Three-dimensional double negative mechanical metamaterials with tailored anisotropy

Mechanical metamaterials, developed artificially, possess remarkable properties, though these often conflict and are difficult to balance. Previous research on double-negative (negative stiffness and negative Poisson's ratio) metamaterials has been limited to two-dimensional structures or complex fabrication methods, restricting their functionality and applications. To overcome these challenges, we propose a three-dimensional double-negative mechanical metamaterial design, comprising negative stiffness cells and frameworks. This design employs cube arrangements, rotation angles, selective connections, and guide rod assemblies to create 3D structures that maintain localised negative stiffness.

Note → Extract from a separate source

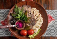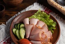 250/60/30/2 г • солёные огурцы, лук репчатый, томат, брусника, язык отварной, птица отварная, ветчина, сметана, зелень

The overall negative Poisson's ratio is achieved through coercive deformation between frameworks. Specimens are rapidly fabricated through one-time 3D printing and facile assembly. Based on this strategy, a series of 3D orthotropic isotropic and anisotropic metamaterials are proposed, which have a large tunable design space including parameters such as compressive force, Poisson's ratio and anisotropy. In addition, these metamaterials exhibit high elasticity and mechanical hysteresis during cyclic loading and unloading. These properties were verified by simulations and experiments. These metamaterials have potential applications in helmets, crash beams, landing gears, and other orientation-dependent protection systems.